1. Mantenha um monitoramento ativo das medidas provisórias em vigor 

Acompanhar as MPs em tramitação permite que os gestores se antecipem a possíveis mudanças e tomem decisões mais informadas. Isso pode ser feito por meio de consultas regulares ao site do Congresso Nacional e ao Diário Oficial da União. 

2. Avalie os impactos regulatórios e administrativos para o município 

Cada MP pode trazer exigências específicas para os municípios. Uma análise prévia dos possíveis impactos ajuda a evitar imprevistos e facilita a adaptação às novas regras. 

3. Capacite servidores para interpretar e aplicar medidas provisórias corretamente 

Os servidores municipais devem estar preparados para lidar com mudanças normativas. Investir em capacitação e treinamentos sobre medidas provisórias pode aumentar a eficiência da administração pública local. 

4. Estabeleça comunicação com o legislativo municipal para alinhamento de políticas 

O alinhamento entre Executivo e Legislativo municipais é essencial para a adequação das políticas municipais às MPs. A troca de informações entre os poderes pode ajudar na adequação das políticas públicas municipais às novas normas federais. 

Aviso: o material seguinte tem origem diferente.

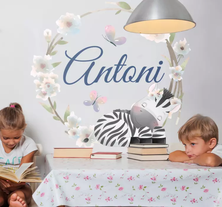 Transform your child's room into a vibrant oasis with our Wall sticker for kids zebra floral design. This enchanting design features a whimsical zebra surrounded by playful flowers, creating a delightful atmosphere that sparks joy and creativity. The customisable aspect allows you to add your child's name in elegant calligraphy, making it uniquely theirs. The combination of cute animals and floral elements ensures that this sticker is not just a decoration, but a cherished part of their space!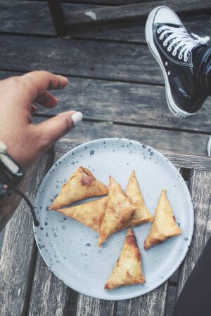 Selfie of samosa with hand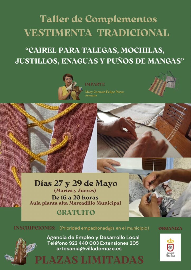 El Ayuntamiento de Villa de Mazo apuesta por la recuperación y preservación del patrimonio cultural del municipio con la celebración del taller ‘Cairel para talegas, mochilas, justillos, enaguas y puños de mangas’, que se impartirá los días 27 y 29 de mayo, en horario de 16:00 a 20:00 horas, en el aula de la planta alta del Mercadillo Municipal.

5. Utilize tecnologia para acompanhar alterações legais e automatizar processos 

Ferramentas digitais podem facilitar o acompanhamento das MPs e a atualização dos processos administrativos. O uso de sistemas integrados permite que os municípios garantam mais agilidade na adequação às novas normas. 

Conclusão 

As medidas provisórias são instrumentos importantes para a gestão pública, mas seu caráter transitório exige atenção dos municípios para evitar impactos negativos na administração local.  

Acompanhamento contínuo, capacitação de servidores e uso de tecnologia são algumas das estratégias que podem ajudar as prefeituras a se adaptarem a essas normas com mais eficiência.